# [Prompt]
Reproduce nothing but the lines from the start of the material through the line that includes "È formata da", both ends included, and omit every picture.
*** Begin section ***
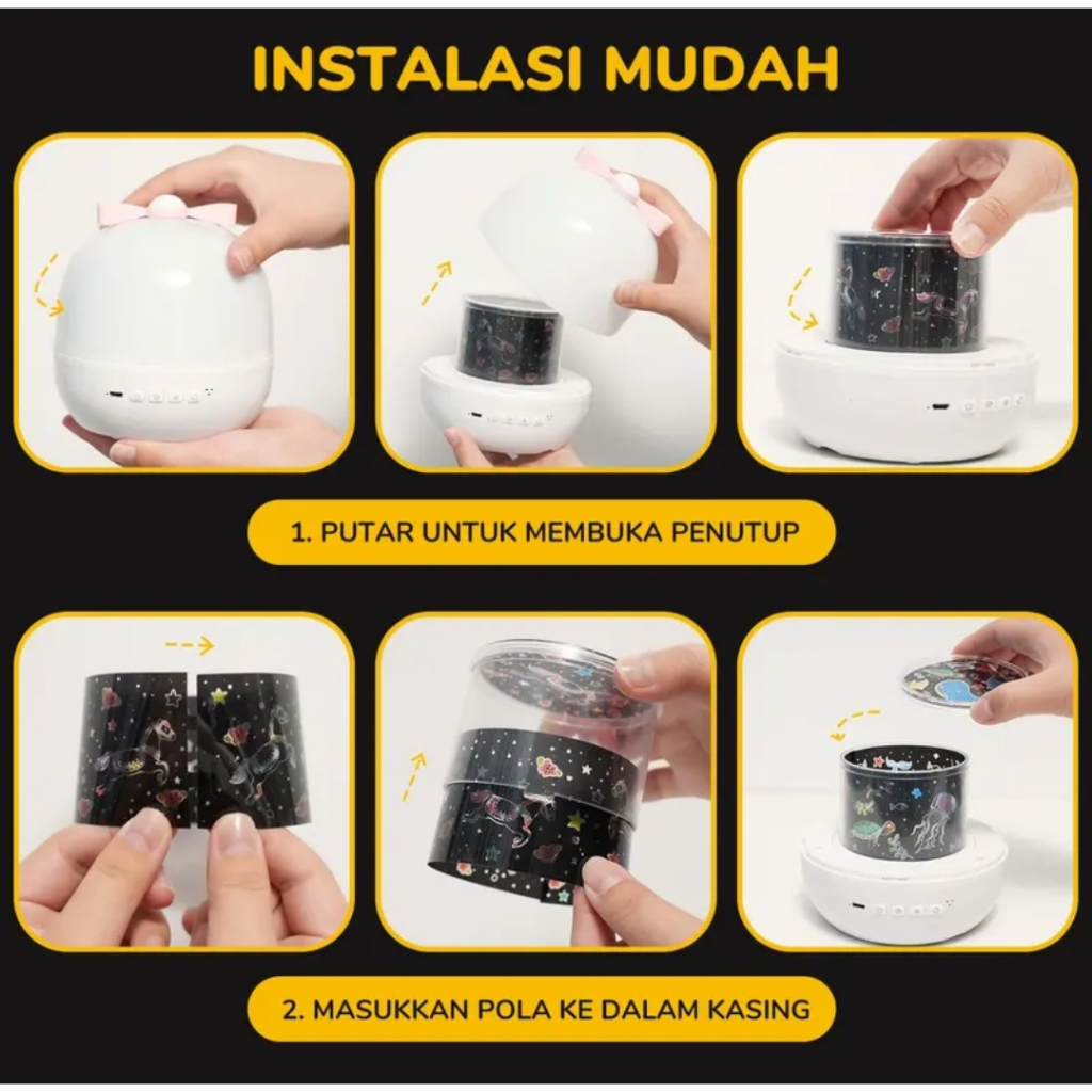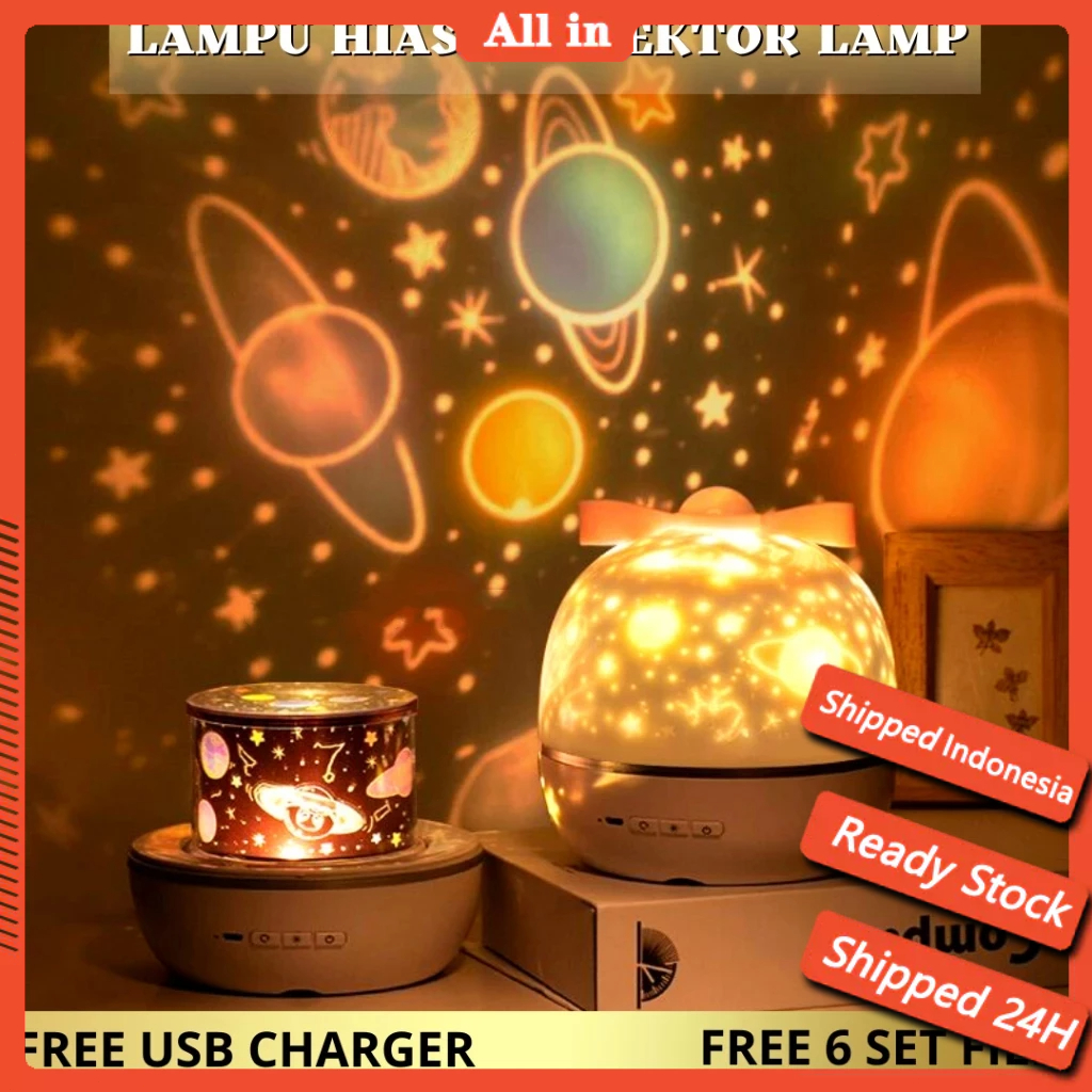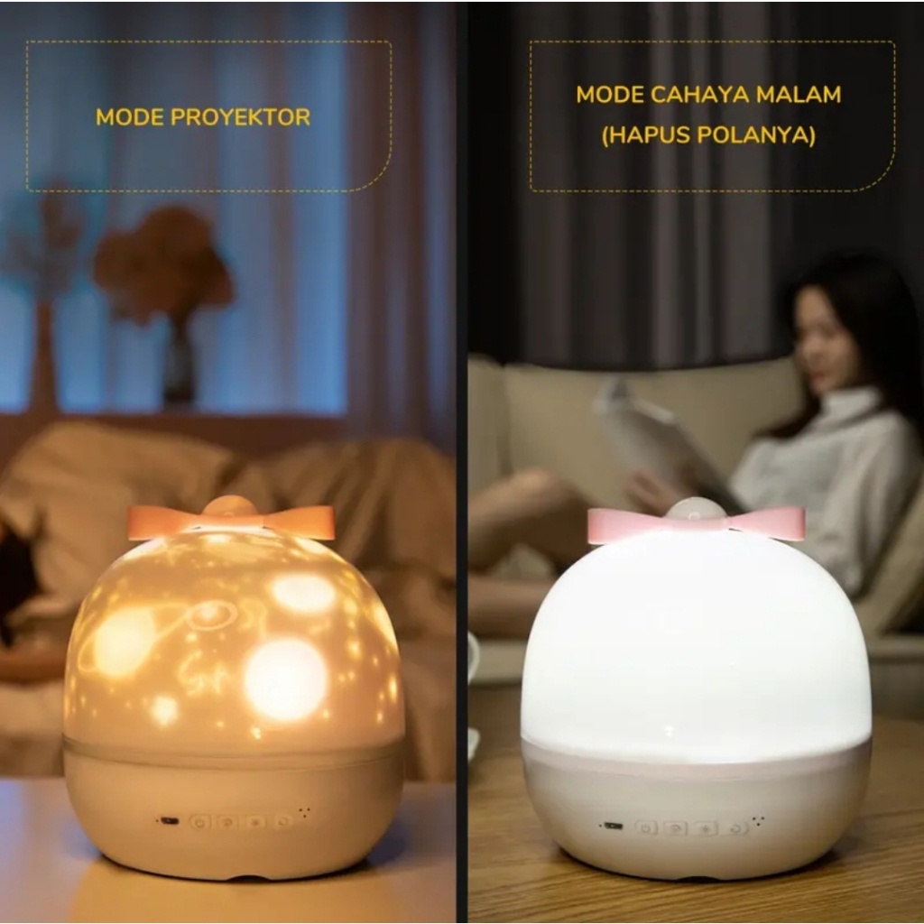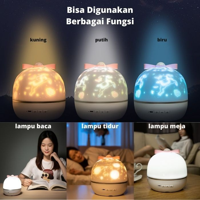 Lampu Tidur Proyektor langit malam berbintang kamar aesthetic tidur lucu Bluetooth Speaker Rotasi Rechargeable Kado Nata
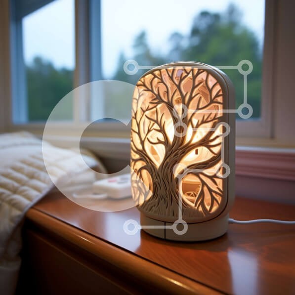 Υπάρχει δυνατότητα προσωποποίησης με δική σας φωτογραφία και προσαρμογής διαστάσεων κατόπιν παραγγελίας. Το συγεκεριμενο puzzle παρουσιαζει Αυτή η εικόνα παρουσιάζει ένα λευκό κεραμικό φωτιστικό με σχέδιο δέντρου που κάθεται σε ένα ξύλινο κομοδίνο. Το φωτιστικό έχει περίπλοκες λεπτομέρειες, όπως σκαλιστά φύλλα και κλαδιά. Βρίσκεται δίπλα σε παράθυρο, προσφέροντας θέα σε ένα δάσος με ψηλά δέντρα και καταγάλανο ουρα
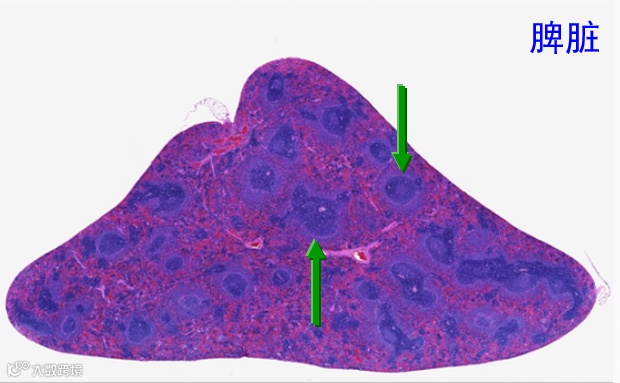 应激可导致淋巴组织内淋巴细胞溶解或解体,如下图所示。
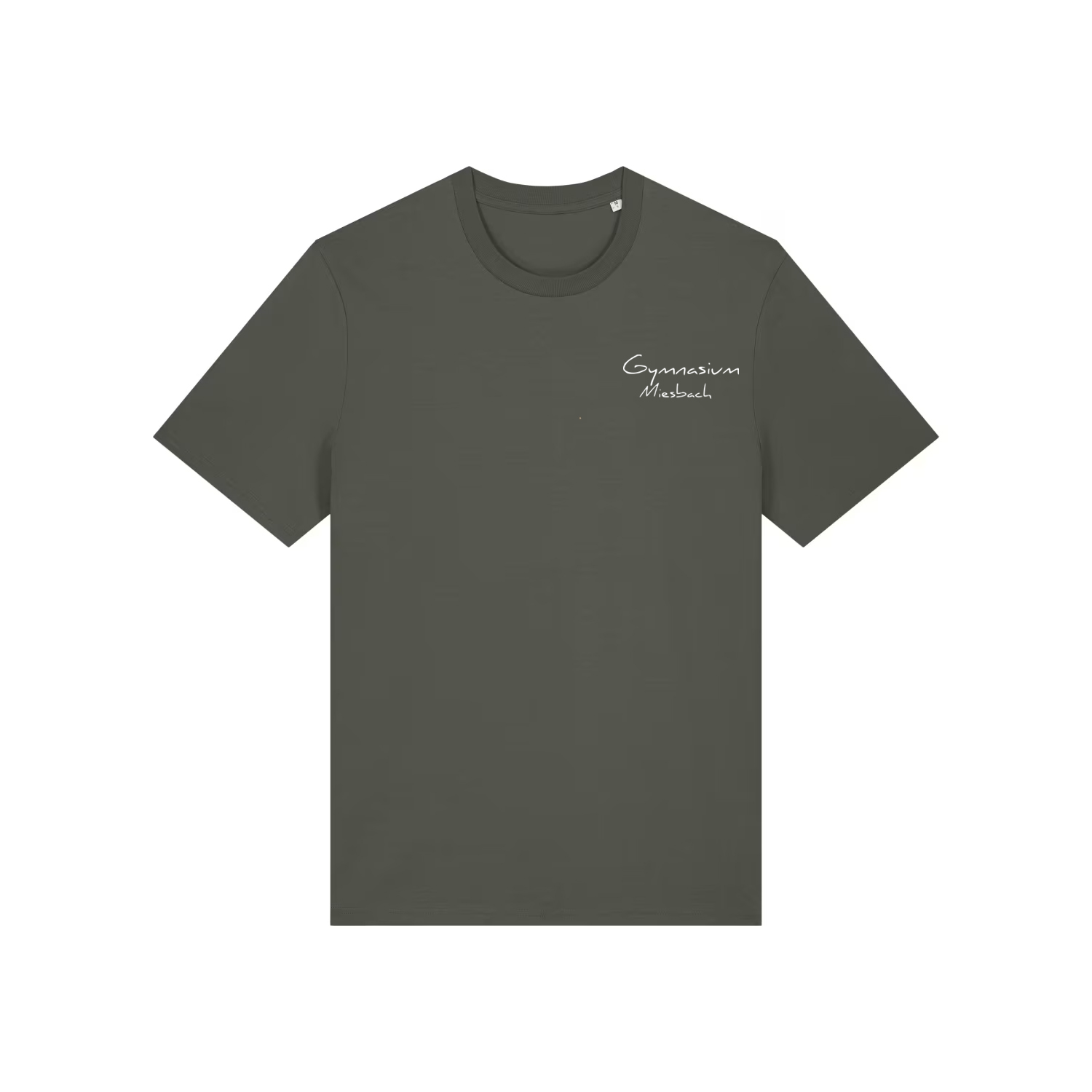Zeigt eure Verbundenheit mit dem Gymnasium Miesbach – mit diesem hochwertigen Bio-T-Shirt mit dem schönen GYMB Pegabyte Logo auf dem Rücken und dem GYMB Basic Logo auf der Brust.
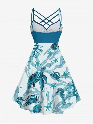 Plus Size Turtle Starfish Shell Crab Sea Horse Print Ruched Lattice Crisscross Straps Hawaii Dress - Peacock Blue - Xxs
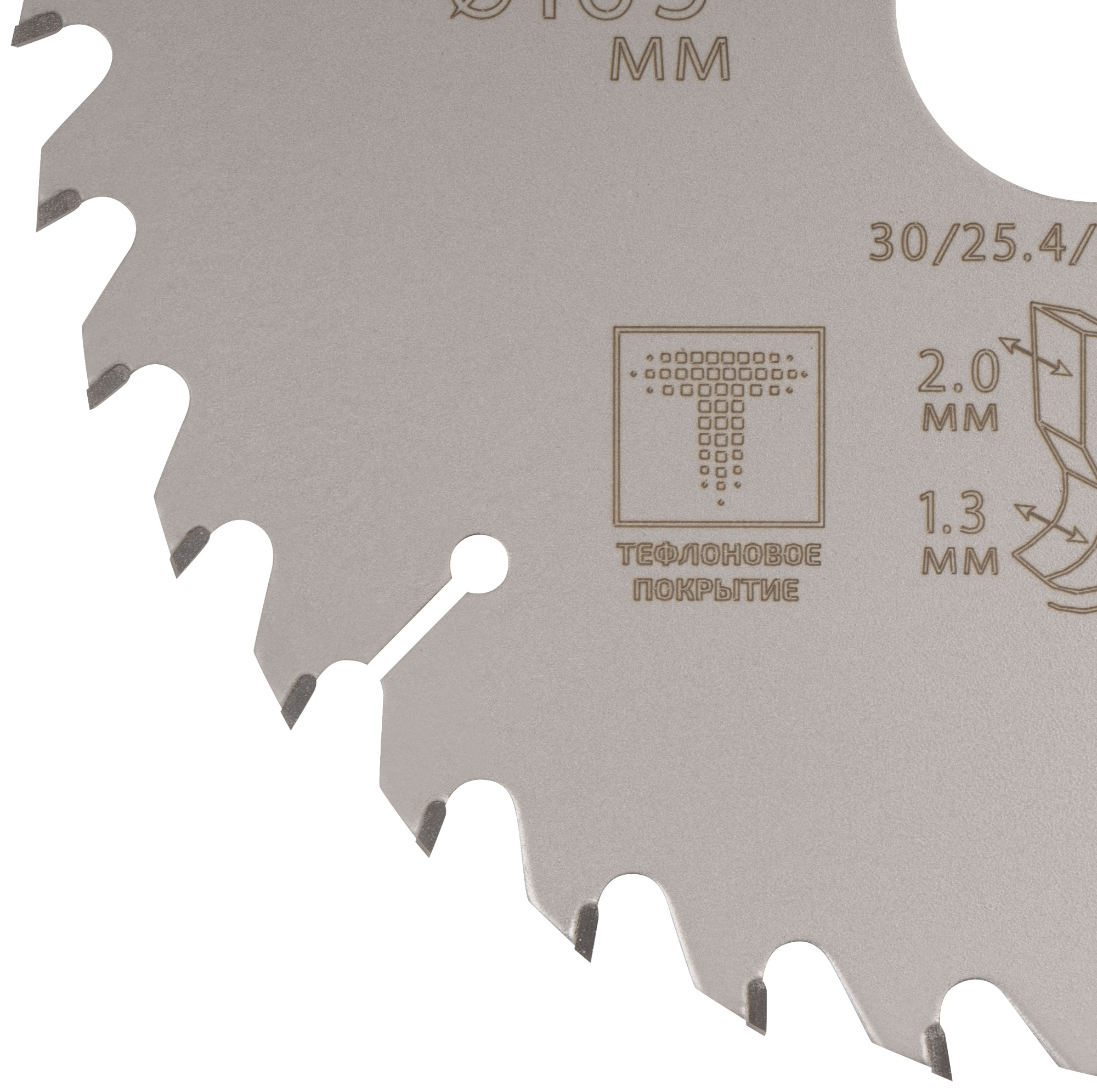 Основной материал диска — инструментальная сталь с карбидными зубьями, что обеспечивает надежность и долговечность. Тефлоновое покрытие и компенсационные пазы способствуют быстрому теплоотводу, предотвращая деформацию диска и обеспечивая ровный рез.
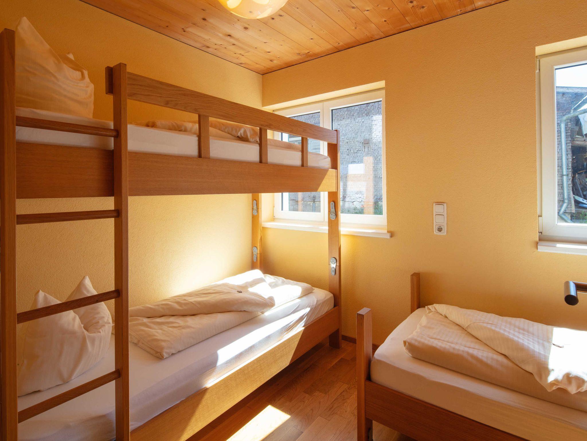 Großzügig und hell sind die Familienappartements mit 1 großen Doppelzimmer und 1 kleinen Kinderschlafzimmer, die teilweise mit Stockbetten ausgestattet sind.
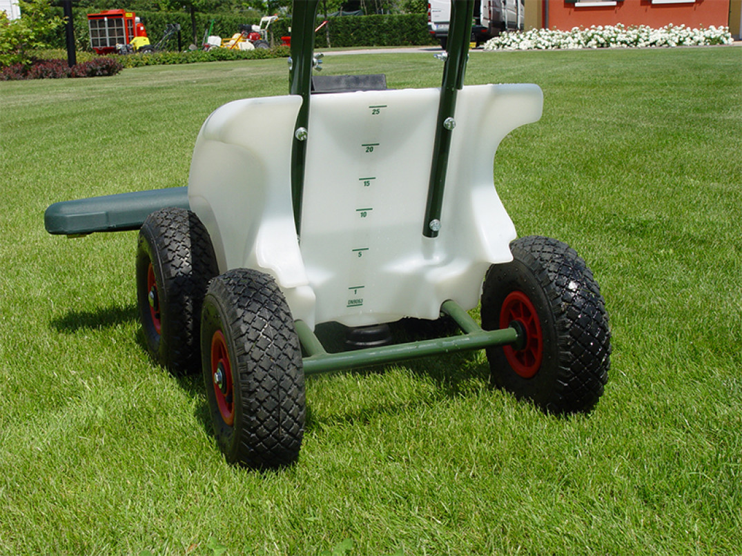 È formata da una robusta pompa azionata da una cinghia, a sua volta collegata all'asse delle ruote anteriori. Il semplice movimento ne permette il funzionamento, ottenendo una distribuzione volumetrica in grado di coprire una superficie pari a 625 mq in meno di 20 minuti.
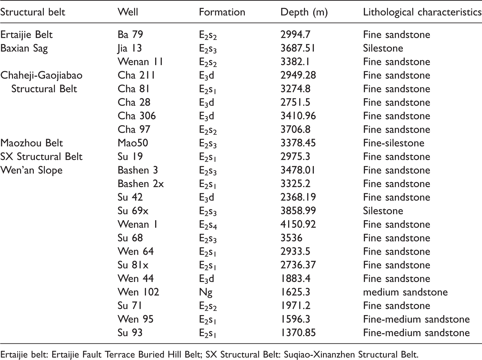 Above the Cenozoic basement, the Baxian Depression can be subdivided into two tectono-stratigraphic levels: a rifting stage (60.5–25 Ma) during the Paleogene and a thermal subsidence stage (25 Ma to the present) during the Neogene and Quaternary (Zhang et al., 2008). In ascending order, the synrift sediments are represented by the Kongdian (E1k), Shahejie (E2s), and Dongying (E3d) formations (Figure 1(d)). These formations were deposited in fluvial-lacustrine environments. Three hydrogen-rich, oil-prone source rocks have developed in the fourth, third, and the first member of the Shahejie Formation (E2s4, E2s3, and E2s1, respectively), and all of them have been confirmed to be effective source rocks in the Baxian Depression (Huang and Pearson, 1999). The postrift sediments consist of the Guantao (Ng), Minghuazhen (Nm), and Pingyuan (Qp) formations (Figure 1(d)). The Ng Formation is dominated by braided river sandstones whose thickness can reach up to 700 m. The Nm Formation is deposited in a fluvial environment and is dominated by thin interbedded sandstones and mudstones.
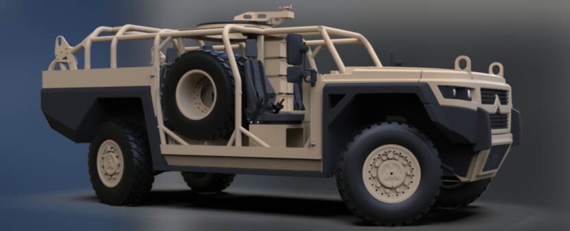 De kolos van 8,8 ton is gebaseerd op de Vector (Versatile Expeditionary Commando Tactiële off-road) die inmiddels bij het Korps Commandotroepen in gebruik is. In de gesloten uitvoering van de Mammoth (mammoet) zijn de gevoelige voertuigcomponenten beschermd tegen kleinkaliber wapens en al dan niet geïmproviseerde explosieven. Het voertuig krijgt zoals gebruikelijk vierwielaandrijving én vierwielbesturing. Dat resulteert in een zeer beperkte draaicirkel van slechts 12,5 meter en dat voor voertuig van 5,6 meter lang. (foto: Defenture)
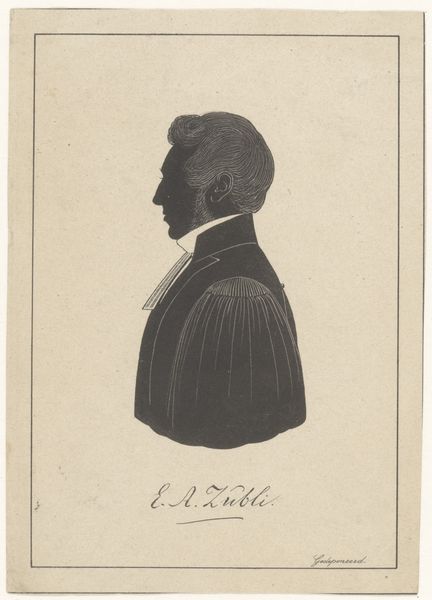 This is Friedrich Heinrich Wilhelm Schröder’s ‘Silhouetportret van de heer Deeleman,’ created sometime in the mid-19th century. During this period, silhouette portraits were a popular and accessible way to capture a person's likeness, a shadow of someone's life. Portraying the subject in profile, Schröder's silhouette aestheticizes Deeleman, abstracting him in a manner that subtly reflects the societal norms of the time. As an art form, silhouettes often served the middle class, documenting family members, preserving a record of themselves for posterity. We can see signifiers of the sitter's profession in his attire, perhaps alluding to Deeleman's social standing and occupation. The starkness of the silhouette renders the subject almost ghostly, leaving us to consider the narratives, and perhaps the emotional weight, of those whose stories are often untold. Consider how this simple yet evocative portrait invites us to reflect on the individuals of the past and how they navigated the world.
*** End section ***
# [Exercise result]
 Lampu Tidur Proyektor langit malam berbintang kamar aesthetic tidur lucu Bluetooth Speaker Rotasi Rechargeable Kado Nata
 Υπάρχει δυνατότητα προσωποποίησης με δική σας φωτογραφία και προσαρμογής διαστάσεων κατόπιν παραγγελίας. Το συγεκεριμενο puzzle παρουσιαζει Αυτή η εικόνα παρουσιάζει ένα λευκό κεραμικό φωτιστικό με σχέδιο δέντρου που κάθεται σε ένα ξύλινο κομοδίνο. Το φωτιστικό έχει περίπλοκες λεπτομέρειες, όπως σκαλιστά φύλλα και κλαδιά. Βρίσκεται δίπλα σε παράθυρο, προσφέροντας θέα σε ένα δάσος με ψηλά δέντρα και καταγάλανο ουρα
 应激可导致淋巴组织内淋巴细胞溶解或解体,如下图所示。
Zeigt eure Verbundenheit mit dem Gymnasium Miesbach – mit diesem hochwertigen Bio-T-Shirt mit dem schönen GYMB Pegabyte Logo auf dem Rücken und dem GYMB Basic Logo auf der Brust.
 Plus Size Turtle Starfish Shell Crab Sea Horse Print Ruched Lattice Crisscross Straps Hawaii Dress - Peacock Blue - Xxs
 Основной материал диска — инструментальная сталь с карбидными зубьями, что обеспечивает надежность и долговечность. Тефлоновое покрытие и компенсационные пазы способствуют быстрому теплоотводу, предотвращая деформацию диска и обеспечивая ровный рез.
 Großzügig und hell sind die Familienappartements mit 1 großen Doppelzimmer und 1 kleinen Kinderschlafzimmer, die teilweise mit Stockbetten ausgestattet sind.
 È formata da una robusta pompa azionata da una cinghia, a sua volta collegata all'asse delle ruote anteriori. Il semplice movimento ne permette il funzionamento, ottenendo una distribuzione volumetrica in grado di coprire una superficie pari a 625 mq in meno di 20 minuti.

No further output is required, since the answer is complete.